[Goal of the exercise]
The expected output is the exact lines from the one containing "Bei Bedarf können" through the end of the data, inclusive, and nothing else.

[Stored items from a collection]
= = = =
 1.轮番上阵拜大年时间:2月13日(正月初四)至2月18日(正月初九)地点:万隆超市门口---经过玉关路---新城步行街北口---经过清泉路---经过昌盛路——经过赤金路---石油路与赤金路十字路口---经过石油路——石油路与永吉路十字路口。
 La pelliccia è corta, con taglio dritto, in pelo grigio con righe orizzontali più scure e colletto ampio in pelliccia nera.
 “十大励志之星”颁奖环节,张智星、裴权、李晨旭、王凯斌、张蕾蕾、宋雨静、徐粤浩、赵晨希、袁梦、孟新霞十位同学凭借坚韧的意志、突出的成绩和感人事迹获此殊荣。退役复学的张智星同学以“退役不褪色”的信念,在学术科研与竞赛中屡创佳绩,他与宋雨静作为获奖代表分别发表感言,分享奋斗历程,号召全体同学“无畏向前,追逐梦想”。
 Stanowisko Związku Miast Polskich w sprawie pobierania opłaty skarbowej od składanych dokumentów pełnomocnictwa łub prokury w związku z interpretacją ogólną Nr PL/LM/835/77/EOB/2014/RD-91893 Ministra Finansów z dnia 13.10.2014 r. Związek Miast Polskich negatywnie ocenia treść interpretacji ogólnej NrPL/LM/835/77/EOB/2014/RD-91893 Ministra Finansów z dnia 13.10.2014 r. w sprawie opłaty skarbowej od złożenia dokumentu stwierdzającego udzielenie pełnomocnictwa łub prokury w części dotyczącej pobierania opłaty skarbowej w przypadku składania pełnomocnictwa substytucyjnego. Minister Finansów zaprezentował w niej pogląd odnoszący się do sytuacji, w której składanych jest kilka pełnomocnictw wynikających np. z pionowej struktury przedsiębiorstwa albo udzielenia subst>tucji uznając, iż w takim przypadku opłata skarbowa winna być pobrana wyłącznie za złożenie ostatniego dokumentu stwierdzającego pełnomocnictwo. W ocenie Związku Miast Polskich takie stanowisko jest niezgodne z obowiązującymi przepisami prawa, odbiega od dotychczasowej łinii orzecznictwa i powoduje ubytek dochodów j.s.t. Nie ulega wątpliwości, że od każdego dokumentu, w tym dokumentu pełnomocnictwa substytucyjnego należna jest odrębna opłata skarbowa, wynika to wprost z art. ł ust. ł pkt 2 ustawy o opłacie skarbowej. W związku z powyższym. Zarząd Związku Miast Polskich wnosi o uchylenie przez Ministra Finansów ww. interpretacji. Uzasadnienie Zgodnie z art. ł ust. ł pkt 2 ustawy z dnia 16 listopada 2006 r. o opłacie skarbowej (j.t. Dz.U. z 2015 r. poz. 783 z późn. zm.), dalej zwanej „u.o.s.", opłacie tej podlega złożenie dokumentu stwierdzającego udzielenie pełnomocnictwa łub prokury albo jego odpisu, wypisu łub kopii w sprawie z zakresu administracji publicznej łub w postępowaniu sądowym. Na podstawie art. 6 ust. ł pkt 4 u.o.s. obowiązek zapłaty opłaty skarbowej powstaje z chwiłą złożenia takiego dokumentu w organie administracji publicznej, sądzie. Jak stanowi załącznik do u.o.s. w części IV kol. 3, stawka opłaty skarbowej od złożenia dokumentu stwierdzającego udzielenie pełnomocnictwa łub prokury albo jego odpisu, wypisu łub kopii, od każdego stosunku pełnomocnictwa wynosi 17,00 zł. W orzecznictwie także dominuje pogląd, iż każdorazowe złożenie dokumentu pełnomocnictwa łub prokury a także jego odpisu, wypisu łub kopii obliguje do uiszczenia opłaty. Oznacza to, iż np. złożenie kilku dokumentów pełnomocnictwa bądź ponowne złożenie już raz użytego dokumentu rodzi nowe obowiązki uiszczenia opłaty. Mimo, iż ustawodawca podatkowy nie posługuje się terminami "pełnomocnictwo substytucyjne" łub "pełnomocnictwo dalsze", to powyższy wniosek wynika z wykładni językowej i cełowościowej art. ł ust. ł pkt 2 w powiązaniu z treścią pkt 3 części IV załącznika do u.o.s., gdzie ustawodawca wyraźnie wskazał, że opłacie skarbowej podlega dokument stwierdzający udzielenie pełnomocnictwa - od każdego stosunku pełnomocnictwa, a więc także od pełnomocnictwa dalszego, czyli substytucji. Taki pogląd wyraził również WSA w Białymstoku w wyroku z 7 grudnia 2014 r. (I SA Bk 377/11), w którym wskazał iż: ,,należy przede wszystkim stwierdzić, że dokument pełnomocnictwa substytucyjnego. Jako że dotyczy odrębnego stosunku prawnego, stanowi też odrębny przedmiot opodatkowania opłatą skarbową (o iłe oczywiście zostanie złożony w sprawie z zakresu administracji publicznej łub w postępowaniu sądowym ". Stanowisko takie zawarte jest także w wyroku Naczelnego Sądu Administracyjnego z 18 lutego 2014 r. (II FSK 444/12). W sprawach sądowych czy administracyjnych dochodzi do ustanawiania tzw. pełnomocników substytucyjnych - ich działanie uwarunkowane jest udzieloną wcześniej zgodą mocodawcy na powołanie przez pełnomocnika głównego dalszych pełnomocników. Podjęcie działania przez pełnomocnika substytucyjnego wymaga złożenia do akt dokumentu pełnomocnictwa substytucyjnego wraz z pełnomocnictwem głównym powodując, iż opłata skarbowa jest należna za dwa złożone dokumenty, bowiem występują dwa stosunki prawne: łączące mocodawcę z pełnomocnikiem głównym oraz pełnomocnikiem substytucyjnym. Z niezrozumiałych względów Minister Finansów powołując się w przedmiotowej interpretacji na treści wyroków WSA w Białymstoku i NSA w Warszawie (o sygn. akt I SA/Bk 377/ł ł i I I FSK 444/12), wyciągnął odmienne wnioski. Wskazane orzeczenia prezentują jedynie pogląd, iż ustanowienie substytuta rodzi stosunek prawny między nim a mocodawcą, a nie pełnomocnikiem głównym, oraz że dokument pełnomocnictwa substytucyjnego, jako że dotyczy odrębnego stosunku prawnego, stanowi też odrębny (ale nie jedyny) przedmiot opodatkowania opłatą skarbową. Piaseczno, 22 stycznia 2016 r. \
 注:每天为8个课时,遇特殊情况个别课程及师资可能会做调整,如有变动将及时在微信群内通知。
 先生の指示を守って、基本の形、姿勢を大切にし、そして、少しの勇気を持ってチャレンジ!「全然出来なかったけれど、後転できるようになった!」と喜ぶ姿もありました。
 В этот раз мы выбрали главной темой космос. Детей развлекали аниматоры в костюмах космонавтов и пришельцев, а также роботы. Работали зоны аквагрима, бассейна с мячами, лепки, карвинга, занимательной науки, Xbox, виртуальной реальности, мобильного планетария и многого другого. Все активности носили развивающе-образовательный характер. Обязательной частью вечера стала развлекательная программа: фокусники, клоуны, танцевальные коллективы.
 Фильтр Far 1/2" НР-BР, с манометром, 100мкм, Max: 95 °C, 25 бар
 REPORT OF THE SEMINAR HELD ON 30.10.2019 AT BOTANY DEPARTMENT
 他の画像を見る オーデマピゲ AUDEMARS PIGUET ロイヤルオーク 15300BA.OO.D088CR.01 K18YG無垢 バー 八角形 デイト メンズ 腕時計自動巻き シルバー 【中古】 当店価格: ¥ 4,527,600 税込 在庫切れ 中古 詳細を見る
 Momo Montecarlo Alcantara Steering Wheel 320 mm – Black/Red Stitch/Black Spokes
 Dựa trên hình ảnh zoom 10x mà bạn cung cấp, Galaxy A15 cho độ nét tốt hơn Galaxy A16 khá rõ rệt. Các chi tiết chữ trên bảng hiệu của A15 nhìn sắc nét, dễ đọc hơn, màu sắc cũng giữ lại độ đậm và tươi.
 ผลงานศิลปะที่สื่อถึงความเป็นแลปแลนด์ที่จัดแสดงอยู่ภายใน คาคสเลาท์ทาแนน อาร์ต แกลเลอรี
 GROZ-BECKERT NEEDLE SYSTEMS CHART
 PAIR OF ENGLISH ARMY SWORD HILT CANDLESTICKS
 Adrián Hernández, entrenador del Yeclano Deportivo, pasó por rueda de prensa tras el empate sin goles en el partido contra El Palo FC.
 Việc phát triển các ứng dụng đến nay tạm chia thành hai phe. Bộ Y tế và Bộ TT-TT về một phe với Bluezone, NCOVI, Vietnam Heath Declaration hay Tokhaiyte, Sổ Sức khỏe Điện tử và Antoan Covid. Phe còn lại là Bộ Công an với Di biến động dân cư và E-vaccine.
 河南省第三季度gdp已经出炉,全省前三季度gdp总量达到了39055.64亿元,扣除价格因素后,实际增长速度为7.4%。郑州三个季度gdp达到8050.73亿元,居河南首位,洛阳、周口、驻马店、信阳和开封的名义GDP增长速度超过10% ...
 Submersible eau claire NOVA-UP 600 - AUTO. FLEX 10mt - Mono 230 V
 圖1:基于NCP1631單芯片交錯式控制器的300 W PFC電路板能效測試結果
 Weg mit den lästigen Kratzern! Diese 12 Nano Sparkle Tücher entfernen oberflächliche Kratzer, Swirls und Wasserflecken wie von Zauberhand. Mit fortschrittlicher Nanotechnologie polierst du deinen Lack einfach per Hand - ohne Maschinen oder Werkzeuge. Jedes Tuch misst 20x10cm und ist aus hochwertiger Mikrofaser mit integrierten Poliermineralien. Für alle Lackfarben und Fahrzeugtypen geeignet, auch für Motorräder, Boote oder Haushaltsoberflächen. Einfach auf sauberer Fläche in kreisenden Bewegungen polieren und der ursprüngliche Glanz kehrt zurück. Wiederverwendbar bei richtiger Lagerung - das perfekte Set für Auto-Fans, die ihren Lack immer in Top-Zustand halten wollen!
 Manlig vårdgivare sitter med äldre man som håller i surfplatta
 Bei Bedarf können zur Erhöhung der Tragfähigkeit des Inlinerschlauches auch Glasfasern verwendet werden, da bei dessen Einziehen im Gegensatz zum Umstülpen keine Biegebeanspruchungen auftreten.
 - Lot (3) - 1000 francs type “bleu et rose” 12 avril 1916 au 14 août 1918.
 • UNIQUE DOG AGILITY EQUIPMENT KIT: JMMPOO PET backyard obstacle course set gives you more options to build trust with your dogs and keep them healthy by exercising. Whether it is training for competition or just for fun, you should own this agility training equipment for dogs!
= = = =
[Solution to this exercise]
 Bei Bedarf können zur Erhöhung der Tragfähigkeit des Inlinerschlauches auch Glasfasern verwendet werden, da bei dessen Einziehen im Gegensatz zum Umstülpen keine Biegebeanspruchungen auftreten.
 - Lot (3) - 1000 francs type “bleu et rose” 12 avril 1916 au 14 août 1918.
 • UNIQUE DOG AGILITY EQUIPMENT KIT: JMMPOO PET backyard obstacle course set gives you more options to build trust with your dogs and keep them healthy by exercising. Whether it is training for competition or just for fun, you should own this agility training equipment for dogs!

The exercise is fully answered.